_Directions for this task_
Within the records below, find the line with "Parafuso preto de" and the line with "4月8日晚,外国语学院通过线", then reproduce exactly those two lines and all lines between them, without any picture.

(Beginning of Data for analysis)

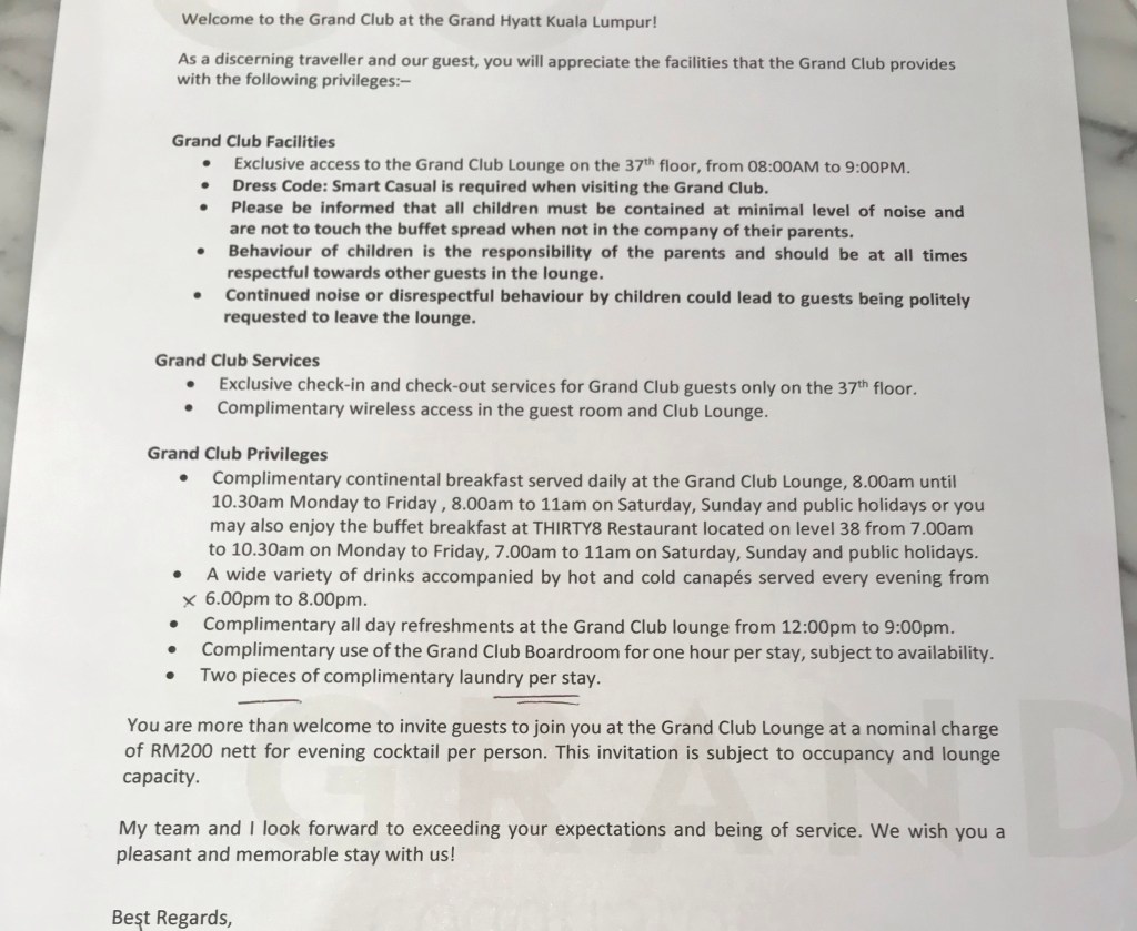 The 4 nights we spent in Kuala Lumpur were split between Mandarin Oriental and the Grand Hyatt, located right next door. The Amex FHR booking for MO provided amenities such as free breakfast, welcome gift, room upgrade, $100 dining/spa credit, and 4-pm checkout, while the Hyatt globalist status had very similar, but better, benefits. Upon arrival at the GH, we were whisked away from general check-in, and led to the Club lounge floor for private check-in. I had hoped for a suite upgrade. Unfortunately, with the long weekend there were no suites available. However, we did get an upgrade to a tower view room, similar to what we had gotten at MO.
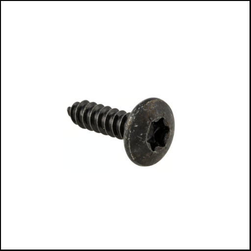 Parafuso preto de metal com cabeça chata e fenda estrela
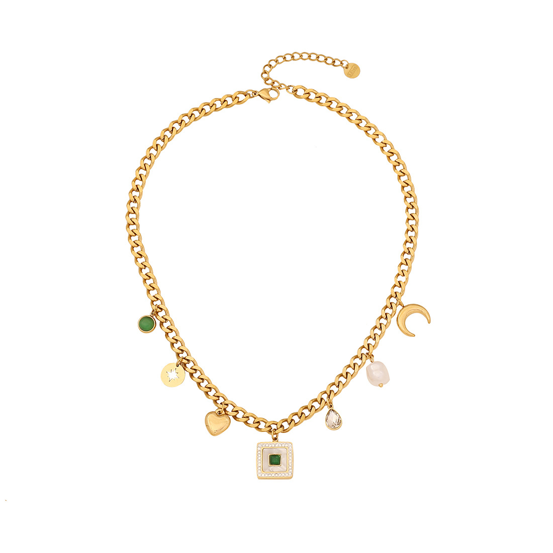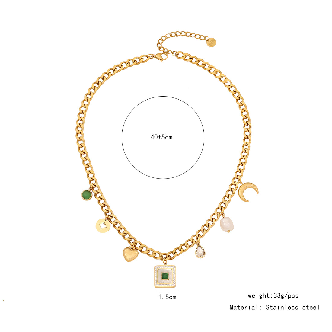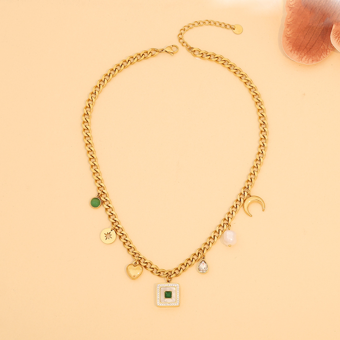 Collar de Acero Inoxidable, acero inoxidable 304, con turquesa & Nácar Blanca & Perlas plásticas, chapado, diferentes estilos para la opción & para mujer & esmalte, dorado, Vendido por UD
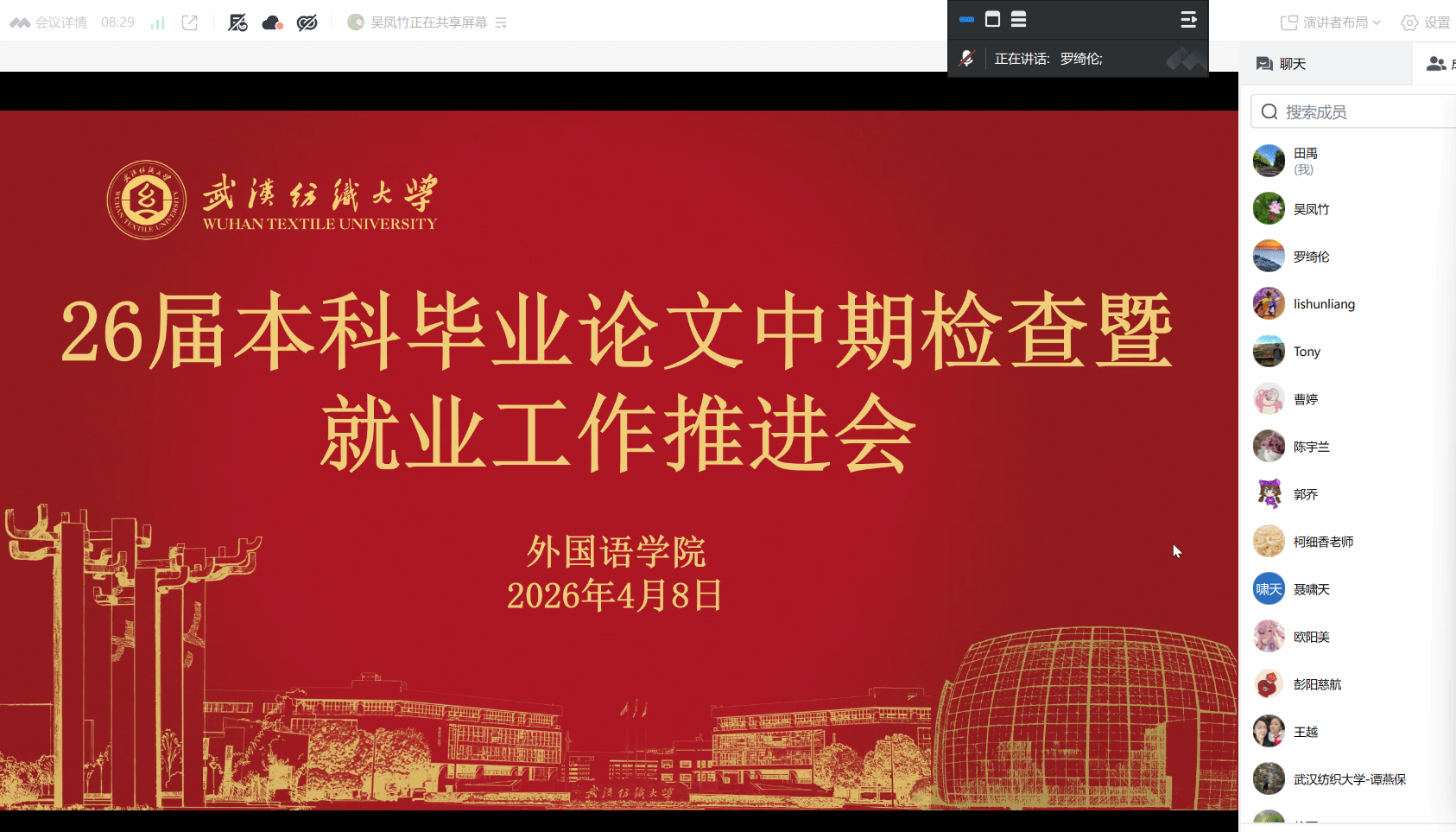 4月8日晚,外国语学院通过线上会议平台召开了26届本科毕业论文中期检查暨就业工作推进会。学院领导、各专业负责人、全体毕业论文指导教师及毕业班辅导员参加了会议。
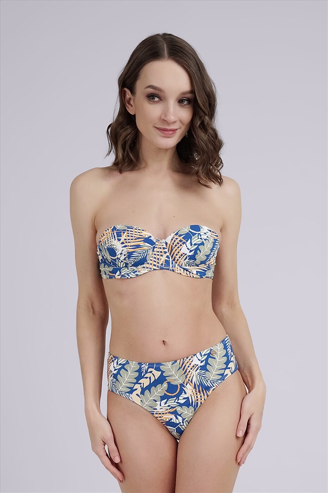 Костюм купальный женский из полиамида с эластаном. Лиф с круглыми чашечками с косточками, с завязками вокруг шеи, на магнитной застежке, трусы бикини на высокой посадке.
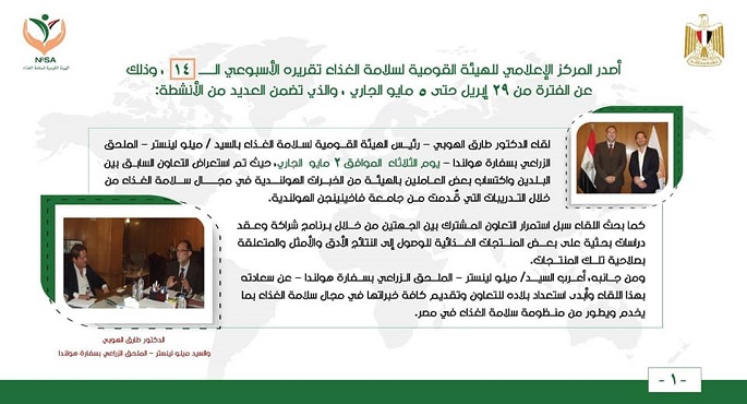 لقاء الدكتور طارق الهوبي – رئيس الهيئة القومية لسلامة الغذاء – بالسيد / ميلو لينستر – الملحق الزراعي بسفارة هولندا – يوم الثلاثاء الموافق 2 مايو الجاري، حيث تم استعراض التعاون السابق بين البلدين، واكتساب بعض العاملين بالهيئة من الخبرات الهولندية في مجال سلامة الغذاء من خلال التدريبات التي قُدمت من جامعة فاخينينجن الهولندية.
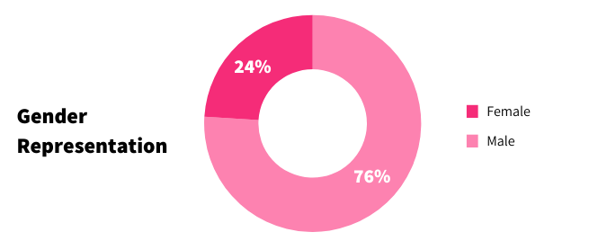 Our overall gender representation has slightly increased from last year, with women making up 24% of our workforce, up 1% from 2024. We’ve seen a small improvement in non-development roles (44%, up from 43%), but a slight decline in Development roles (16%, down from 17%). This underrepresentation, particularly in Development, continues to influence our gender pay gap.
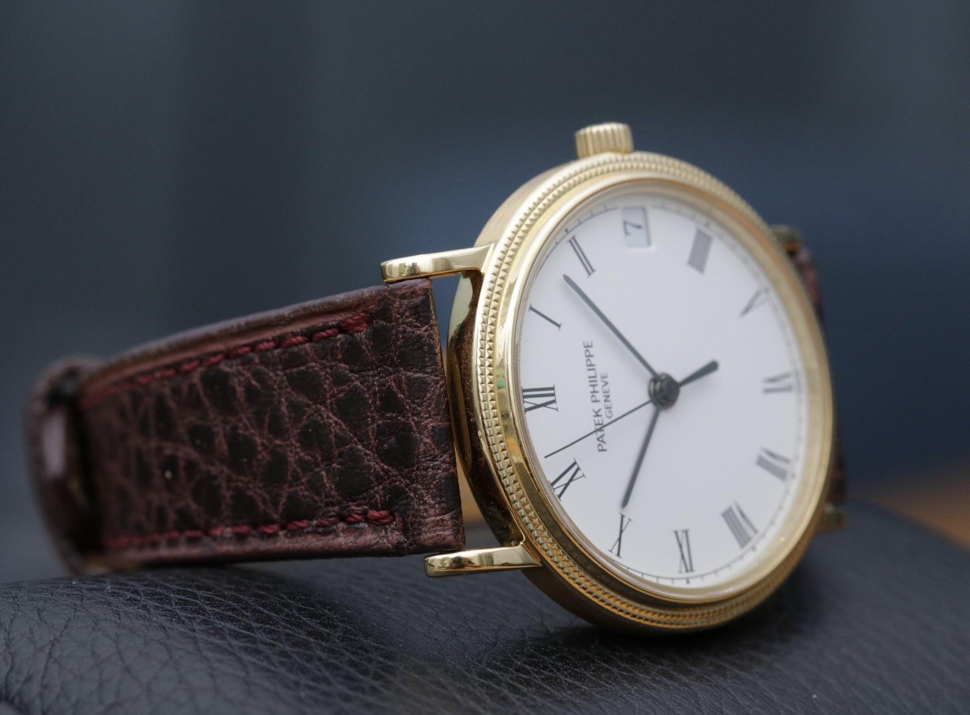 The Calatrava ref. 3802/200J strikes a rare balance between refinement and nuance. At 33 mm, its yellow‑gold case with Clous de Paris bezel interacts with light in a restrained yet deliberate way, no flash, just focused craftsmanship. The crisp white dial is punctuated by Roman numerals that harmonise with the slender date window, creating a quiet symmetry that rewards a practiced eye .
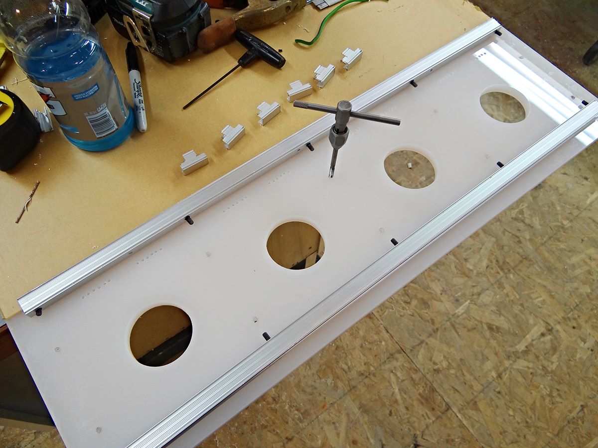 Top of the table getting the holes cut. sure would be nice to have a cnc router to do this.
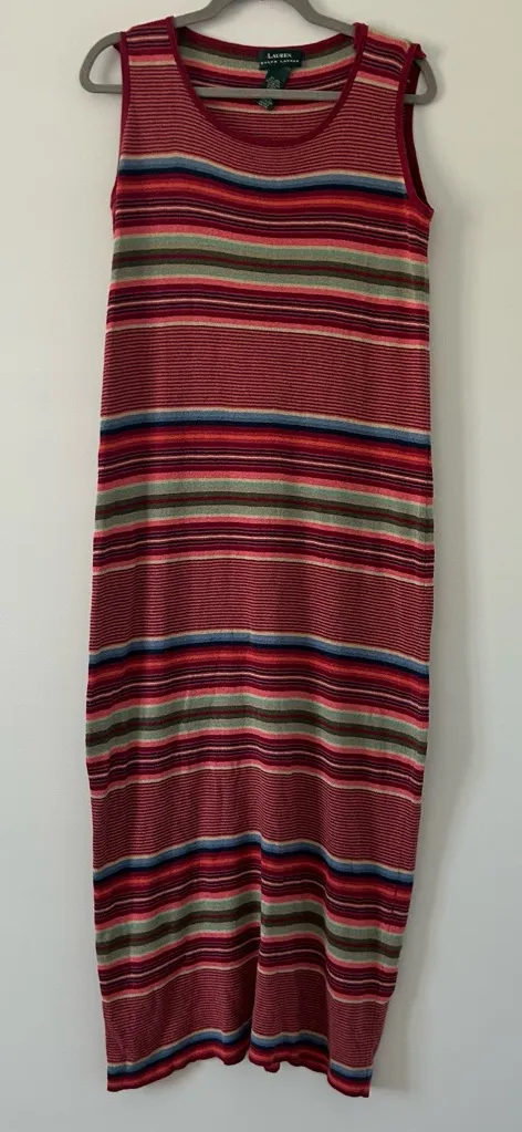 Lauren Ralph Lauren Red Blue Striped Sleeveless Linen Cotton Knit Maxi Dress Size Large Color Red... Show more
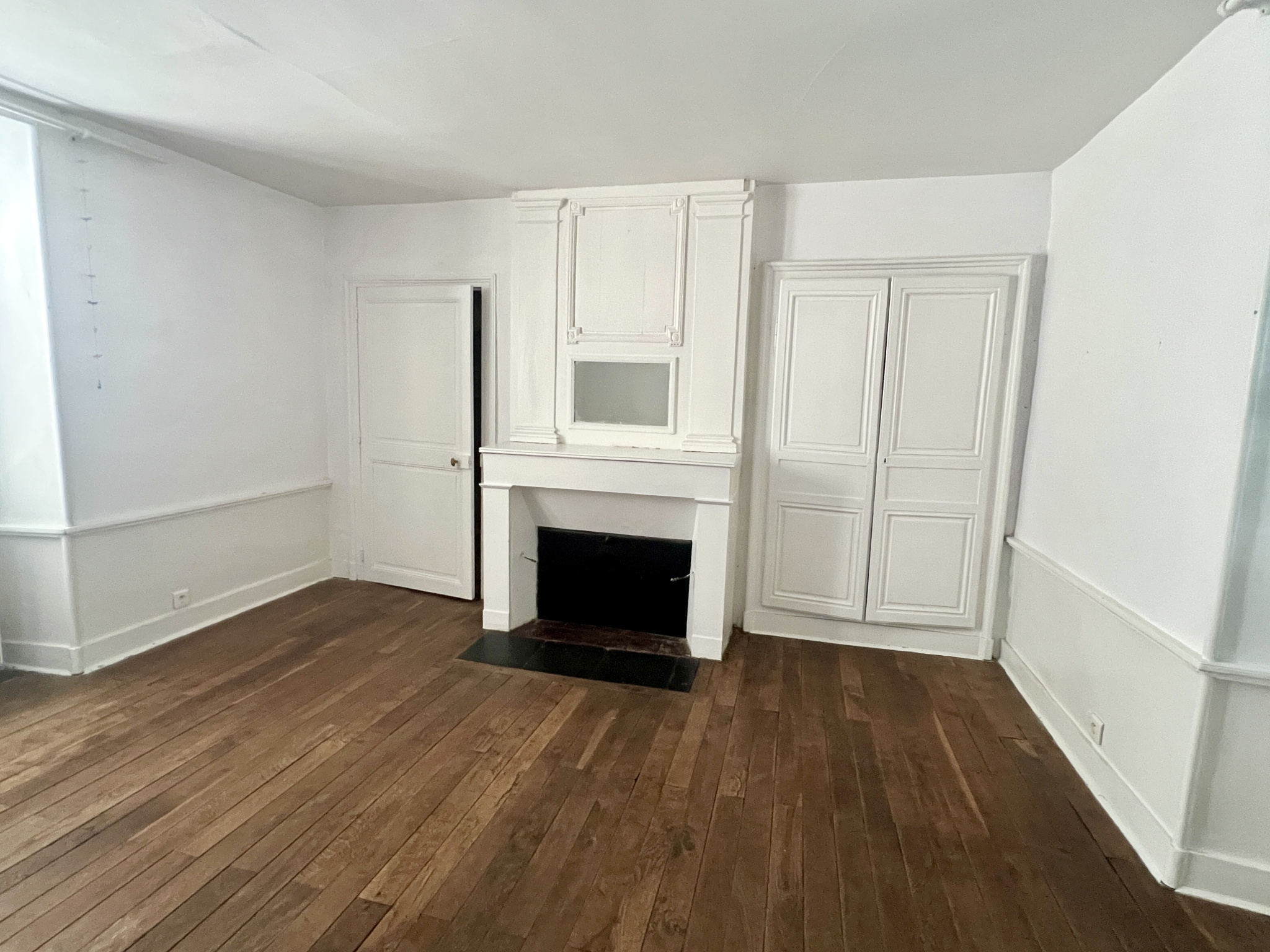 Espace de réception : un salon surélevé avec plancher bois et cheminée, mais également une salle à manger de caractère, elle aussi dotée d'une cheminée.

(End of Data for analysis)

_Solution_
 Parafuso preto de metal com cabeça chata e fenda estrela
 Collar de Acero Inoxidable, acero inoxidable 304, con turquesa & Nácar Blanca & Perlas plásticas, chapado, diferentes estilos para la opción & para mujer & esmalte, dorado, Vendido por UD
 4月8日晚,外国语学院通过线上会议平台召开了26届本科毕业论文中期检查暨就业工作推进会。学院领导、各专业负责人、全体毕业论文指导教师及毕业班辅导员参加了会议。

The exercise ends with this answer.